The present invention relates to a method of judging an immunological reaction, i.e. an antigen-antibody reaction by detecting a pattern formed by particles descending on an inclined bottom surface of a reaction vessel, and also relates to a reaction vessel for use in such a method.
Heretofore, it has been known to judge or determine the antigen-antibody reaction by deliverying an antigen or antibody sample and an antibody or antigen reagent into a reaction vessel having an inclined bottom surface, and then detecting a pattern formed by particles descending on the inclined bottom surface. When there is an antigen-antibody reaction, particles are agglutinated and are deposited uniformly on the inclined bottom surface like snow to form an agglutination pattern. In contrast, when an antigen-antibody reaction does not occur, the particles are not agglutinated and roll down along the inclined bottom surface into the lowermost portion of the reaction vessel to form a non-agglutination pattern.
FIG. 1A illustrates a construction of a microplate 1 which has been used in the known method. The microplate 1 comprises a transparent plate like substrate and a number of reaction vessels 2 formed by depressions arranged in one major surface of the substrate in a matrix form. Each reaction vessel 2 has a conically shaped inclined bottom surface 2a as illustrated in a cross section of FIG. 1B. The reaction vessel 2 may have a round concave bottom surface 2b as illustrated in FIG. 1C. After delivering a sample and a reagent into such a reaction vessel 2, the reaction vessel 2 is kept still for a given time period. Then on the inclined bottom surface of reaction vessel 2 there is formed the aggutinated particle pattern or non-agglutinated particle pattern by means of the particles descending on the bottom surface. Several examples of such particle patterns are depicted in FIG. 2. If an antigen-antibody reaction has taken place in the reaction vessel 2, the particles are agglutinated and are deposited uniformly on the inclined bottom surface. But if an antigen-antibody reaction has not occurred, the particles are not agglutinated with each other and roll down along the inclined bottom surface into the lowermost portion, i.e. the center of the conically inclined bottom surface. Therefore, by detecting the particle pattern formed on the bottom surface of a reaction vessel, it is possible to judge whether or not an antigen-antibody reaction has occurred. However, in the known method, it is difficult to accurately detect intermediate aggutination patterns between the positively agglutinated particle pattern and non-agglutinated particle pattern, due to weak agglutination. Therefore, in the known method it is only possible to judge whether the agglutination has occurred or the agglutination has not occurred.
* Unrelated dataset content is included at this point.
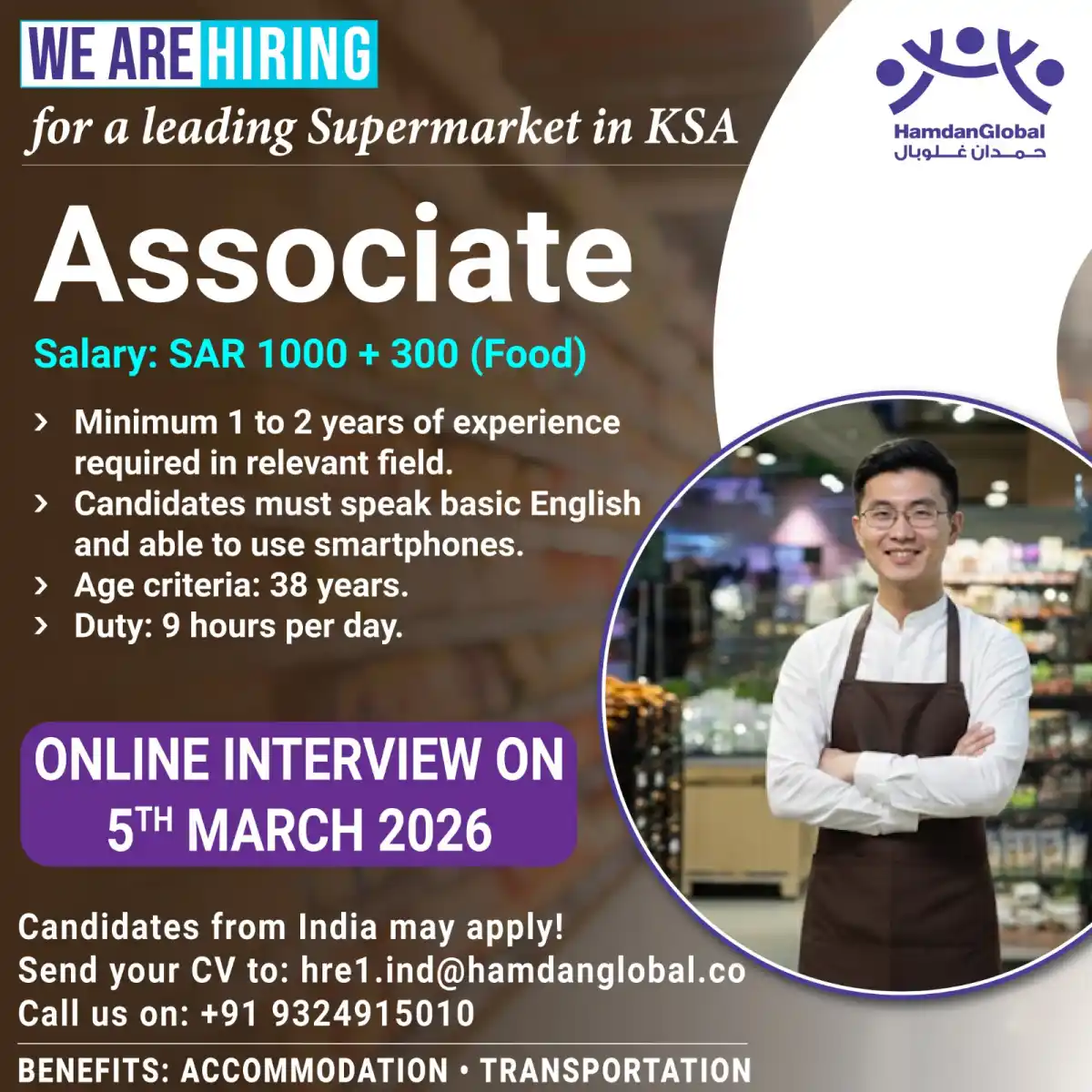 HamdanGlobal is hiring Associates for a leading supermarket in KSA. Earn SAR 1000 + 300 (Food). Benefits include accommodation & transportation. Online interview on 5th March 2026. Apply now!

When checking HB, syphilis, etc., it is necessary to obtain information or data about the degree of agglutination, i.e. the agglutination power, in addition to judging whether the agglutination has occurred or not. Further, some blood subtypes have agglutination powers which differ from one another only slightly. Therefore, in a blood subtype test, there might be misjudgement. Moreover, when detecting the particle pattern photoelectrically, such slightly different particle patterns could not be judged precisely.
In a known method of detecting the agglutination power a sample is diluted by factors of two, four, eight . . . times successively by means of a microtiter to prepare a plurality of diluted samples having different concentrations. Then these differently diluted samples are delivered into successive reaction vessels 2-1, 2-2, 2-3 . . . formed in the microplate 1 as shown in FIG. 3. That is to say, seven diluted samples of a first sample are delivered into seven reaction vessels of a first column A, seven diluted samples of a second sample are delivered into seven reaction vessels of a second column B and so on. At the same time, into seven reaction vessels of a column D are delivered seven diluted samples of a standard sample whose agglutination power is known. After a given time period, particle patterns formed on the bottom surfaces of reaction vessels 2-1, 2-2 . . . 2-7 are compared with standard particle patterns formed on the bottom surfaces of reaction vessels belonging to column D. In this manner, values or indices of the agglutination power of unknown samples can be detected. In this method, even if the agglutination power is relatively small, the judgement can be effected precisely. However, in the known method, since it is necessary to deliver the differently diluted samples into the reaction vessels, the process could not be carried out efficiently. Particularly, if the concentrations of the diluted samples are not correct, judging accuracy is greatly affected resulting in a decrease of reliability. Further, the method requires inherently larger amounts of sample and reagent, and thus the running cost is liable to be increased.